Work instruction:
Transcribe all the data below exactly, leaving its pictures out.

Information provided:
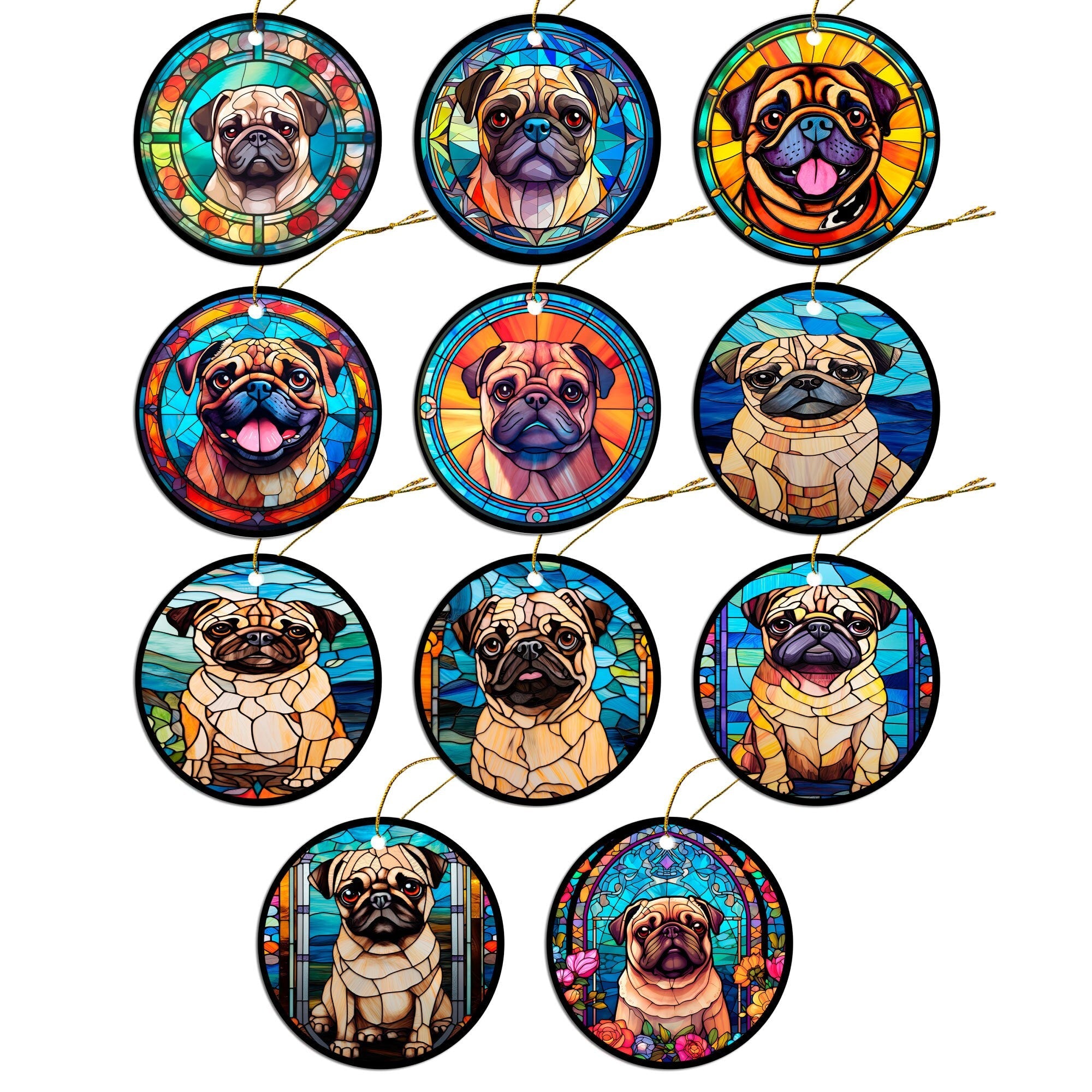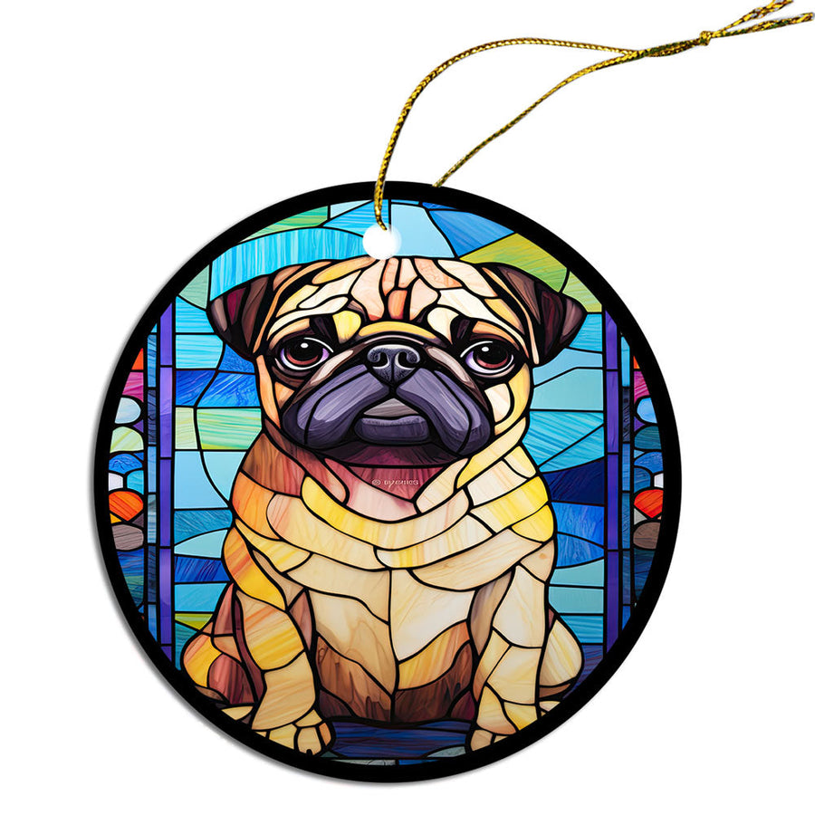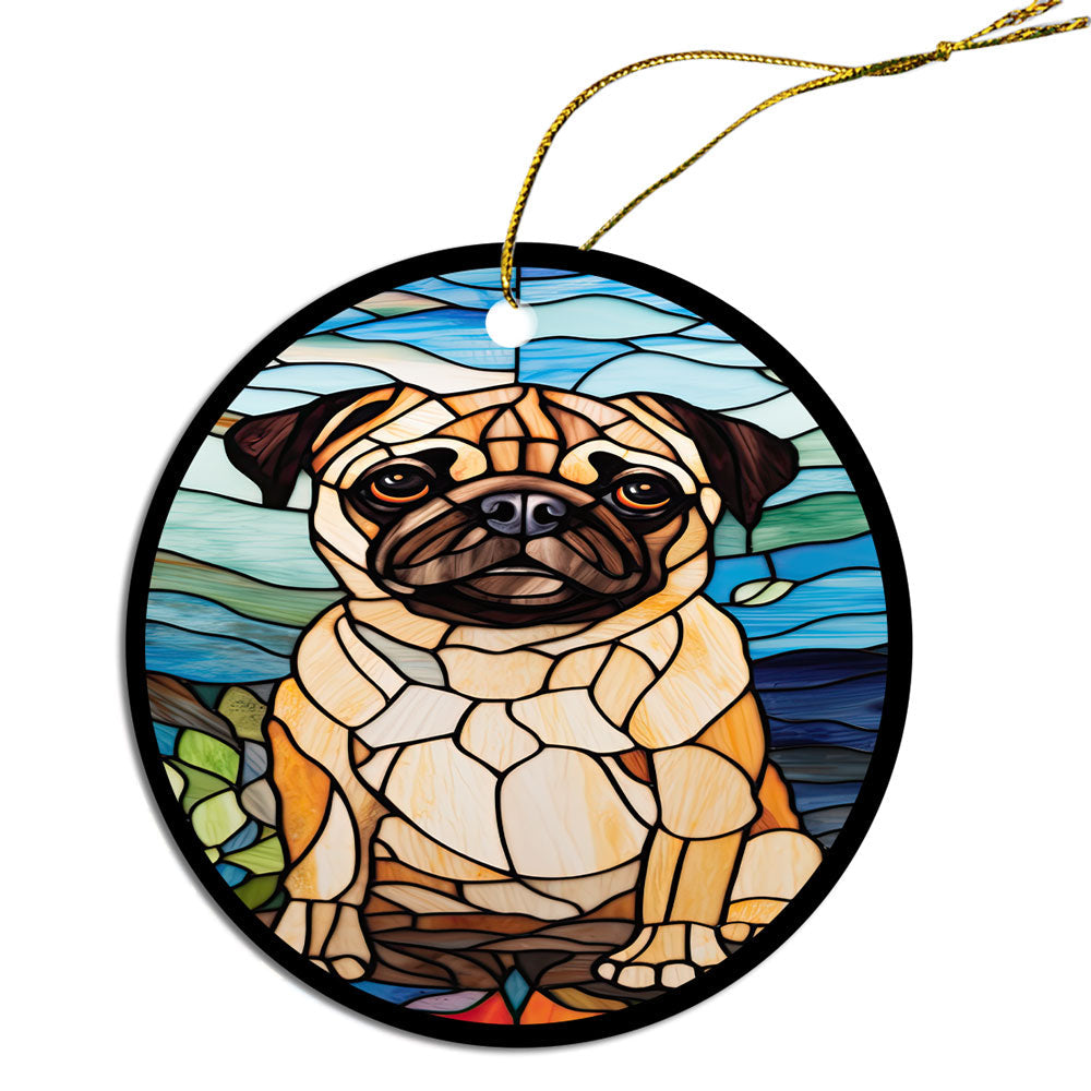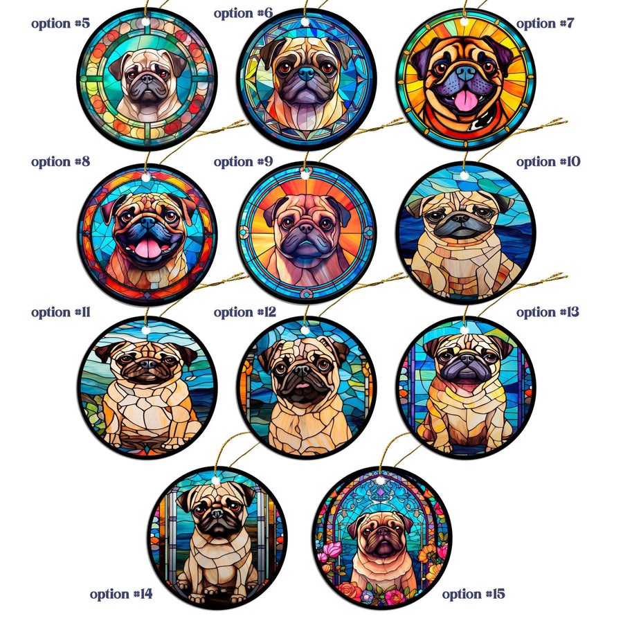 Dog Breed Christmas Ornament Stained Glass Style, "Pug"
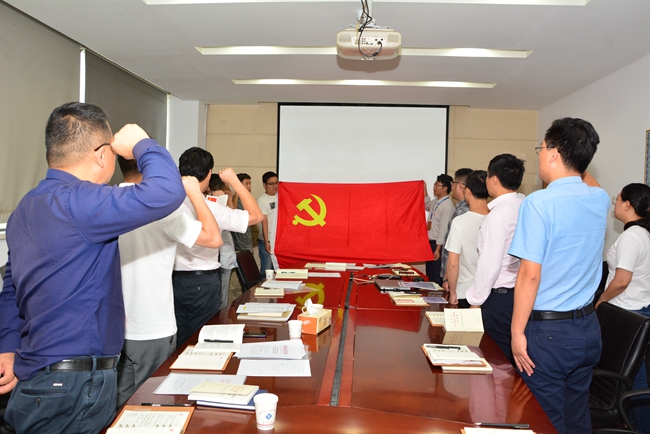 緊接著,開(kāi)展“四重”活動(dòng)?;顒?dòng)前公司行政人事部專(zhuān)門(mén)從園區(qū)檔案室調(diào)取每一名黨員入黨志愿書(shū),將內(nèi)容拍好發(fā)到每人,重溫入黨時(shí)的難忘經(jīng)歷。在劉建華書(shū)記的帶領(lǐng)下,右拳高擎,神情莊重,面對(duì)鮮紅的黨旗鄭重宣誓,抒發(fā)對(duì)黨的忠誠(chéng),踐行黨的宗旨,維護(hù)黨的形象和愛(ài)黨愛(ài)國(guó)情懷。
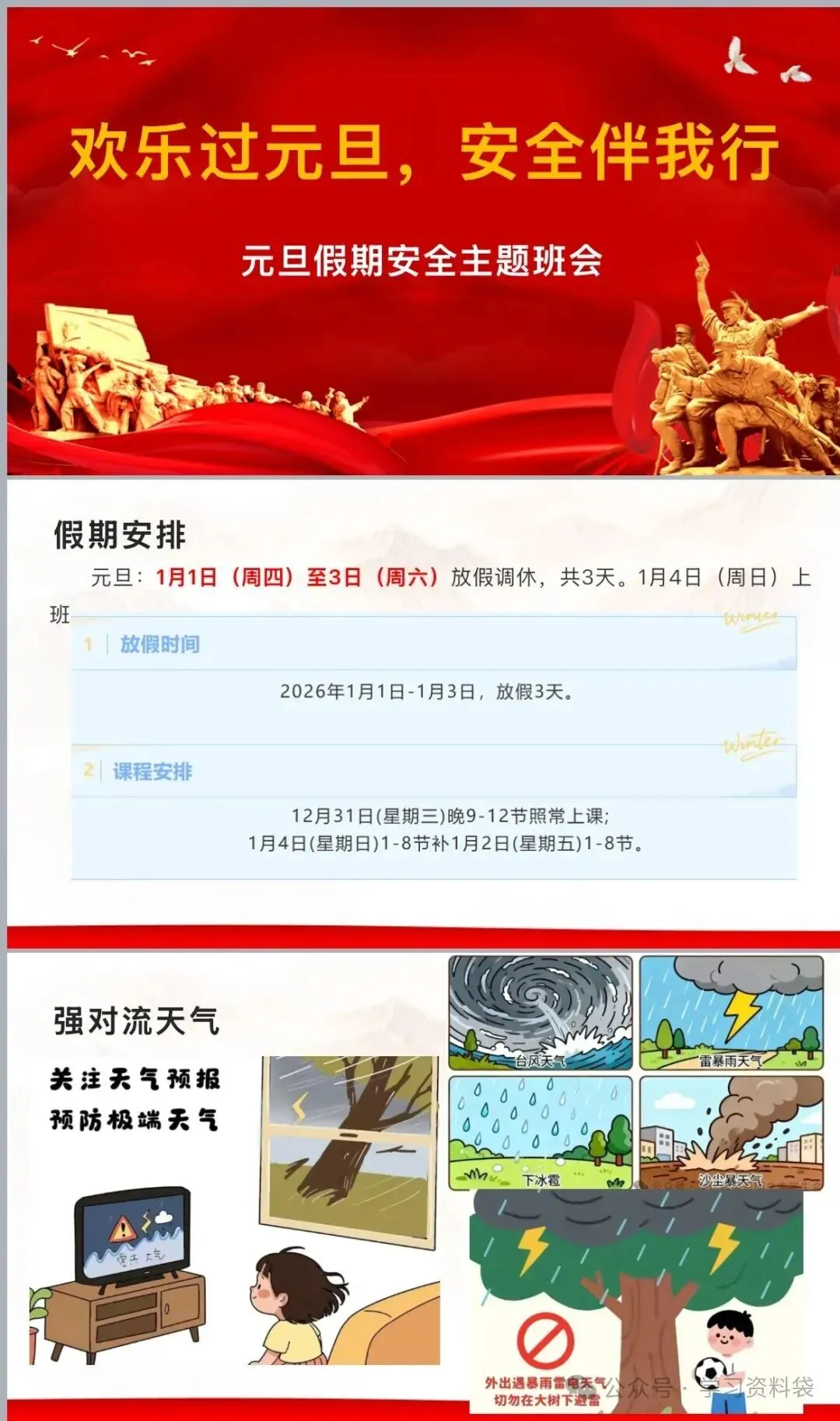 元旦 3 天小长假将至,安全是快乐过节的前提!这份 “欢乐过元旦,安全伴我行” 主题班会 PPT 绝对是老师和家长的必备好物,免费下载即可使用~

Answer to the exercise:
 Dog Breed Christmas Ornament Stained Glass Style, "Pug"
 緊接著,開(kāi)展“四重”活動(dòng)?;顒?dòng)前公司行政人事部專(zhuān)門(mén)從園區(qū)檔案室調(diào)取每一名黨員入黨志愿書(shū),將內(nèi)容拍好發(fā)到每人,重溫入黨時(shí)的難忘經(jīng)歷。在劉建華書(shū)記的帶領(lǐng)下,右拳高擎,神情莊重,面對(duì)鮮紅的黨旗鄭重宣誓,抒發(fā)對(duì)黨的忠誠(chéng),踐行黨的宗旨,維護(hù)黨的形象和愛(ài)黨愛(ài)國(guó)情懷。
 元旦 3 天小长假将至,安全是快乐过节的前提!这份 “欢乐过元旦,安全伴我行” 主题班会 PPT 绝对是老师和家长的必备好物,免费下载即可使用~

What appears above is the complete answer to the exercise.